If you have social anxiety issues, you can use your phone as a quick way to escape social situations and appear busy. You can also use devices to act as an intermediary between you and others, avoiding the need for face-to-face interaction.

· Identity determination through mobile devices

This is especially true for teens and young adults who are still discovering aspects of themselves and who they are. Many people who have nomophobia are actually, in some way, addicted to social media apps. Your own identity and social identity may depend on these apps, so doing without a phone removes that identity, leading to a decrease positive thinking and higher levels of anxiety.

· Prevent the fear of isolation

On the other side of social anxiety, some people feel socially dependent on their phones because they are afraid of being isolated from others. You can use your phone to keep in touch with friends and family, which means you don’t want to be left without an easy means of communicating with them. Ironically, this could lead to you spending less time with them in person, which is detrimental to your own desires!

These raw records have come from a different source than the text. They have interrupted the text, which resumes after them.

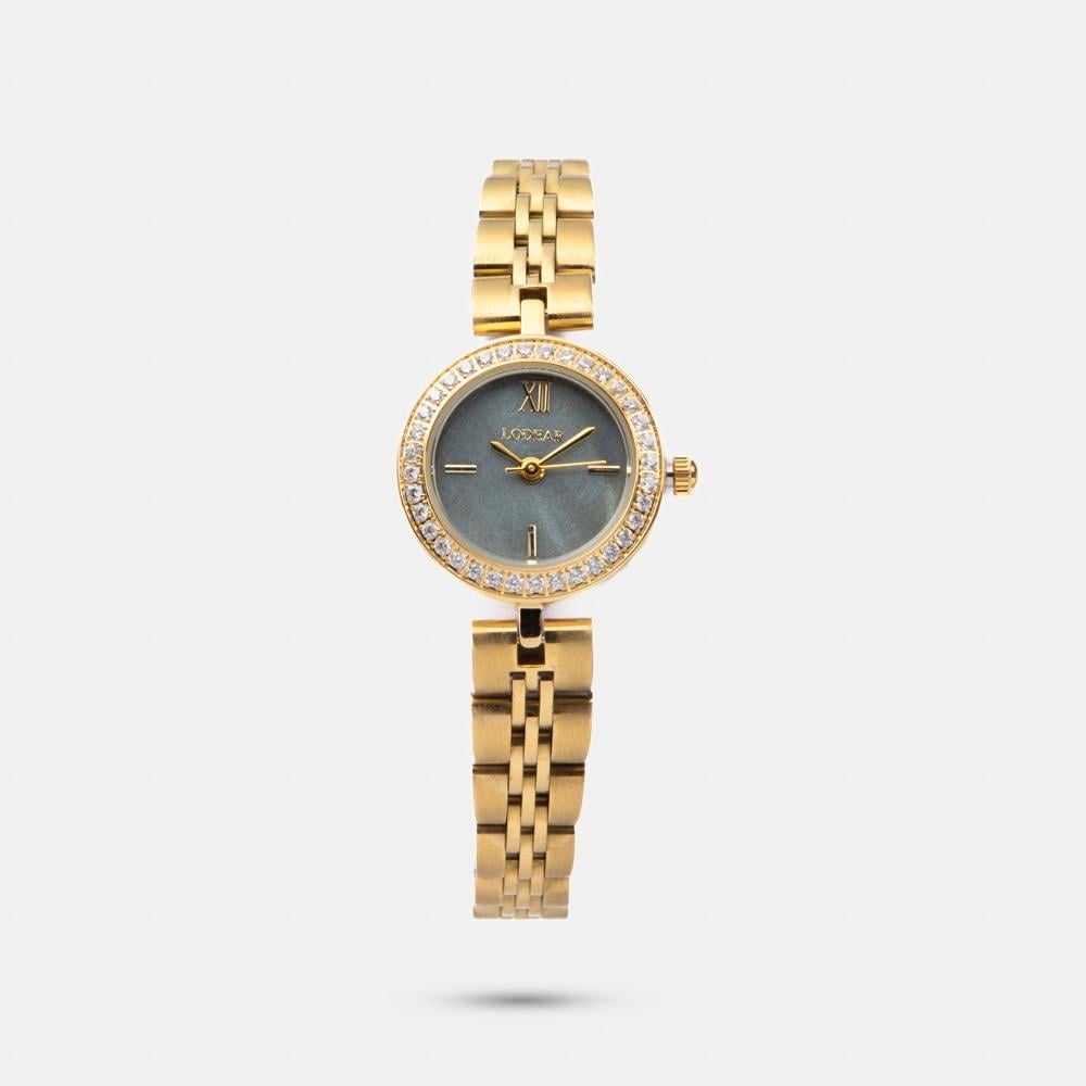 - ساعة نسائية بسير ذهبي مقاوم للصدأ والتآكل والماء
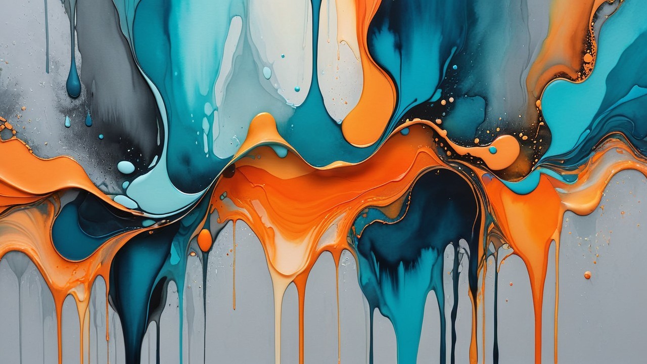The artwork features a vibrant blend of blue, orange, and teal hues, with fluid shapes and drips creating a dynamic, abstract composition that evokes movement and energy.
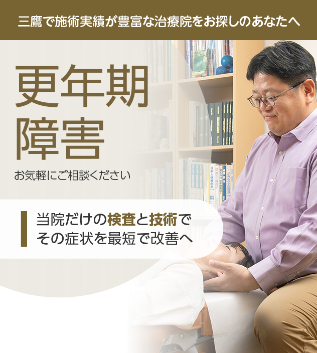 病院やほかの治療院で改善しなかったとしても諦める必要はありません。更年期障害なら、豊富な施術実績を誇る当院にお任せください。
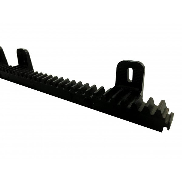 Cremallera de 20 x 20 x 1000 mm de Nylon con alma de acero para puertas correderas de hasta 400 kg. Dentado para piñones de módulo 4. Fácil instalación se puede atornillar directamente en la puerta.

How to improve these three signs of nomophobia

Here are some ways you can work to make your social interactions more positive without being dependent on a mobile device, as provided by Elmore:

  • In face-to-face conversations, put your phone away or turn it off and focus on the other person.
  • Learn to set aside time for social interaction to fill a certain quota each week. It’s okay to start small, but aim for a 1: 1 ratio of direct human interaction to mobile device use.
  • Remember what matters. Social media isn’t real, and everyone who posts there is just showing their best most of the time. The approval of others gained from your social media post facade matters a lot less than you think. Focus on the people around you who really love and care about you!
  • Explore your identity. There are many ways you can experiment with your identity without being on social media. Try new hobbies, hang out with new groups of friends, experiment in style … the possibilities are endless!
  • Practice social interaction with others. If you started to lose your understanding of social cues, it could take a while to regain your social skills. Practice with others, starting with people you trust. Then slowly increase your challenges to more anxiety-provoking interactions.
  • If necessary, seek treatment for agoraphobia or social anxiety. You may experience severe symptoms of social anxiety disorder or agoraphobia. In that case, you may find it too difficult to kick the mobile habit on your own. Seeking treatment from a mental health professional is an ideal way to handle this situation.

Final thoughts on some signs of nomophobia and how to help yourself

While it sounds like something to laugh at, nomophobia should be taken seriously. It is not healthy for the brain to become dependent on a single object, no matter how crucial that element is to daily tasks. That is why, despite the originally humorous usage, nomophobia is something that mental health professionals should begin to regard as a real problem.

It is worth considering that nomophobia is not considered an official mental disorder as of the current fifth edition of the Diagnostic and Statistical Manual of Mental Disorders (DSM-5). However, much discussion about positive and negatives abound about its possible classification as a specific phobia, as described in the fourth edition of the manual. However, as of this writing, the exact definition of the term is not standardized.

With that said, Internet and telephone addiction is not unusual. in today’s technologically advanced world. If you feel like you have nomophobia, take note of these signs of homophobia that we talked about today and do what you can to help yourself. If you need additional help, a psychologist, therapist, or similar medical professional can help you fix this problem.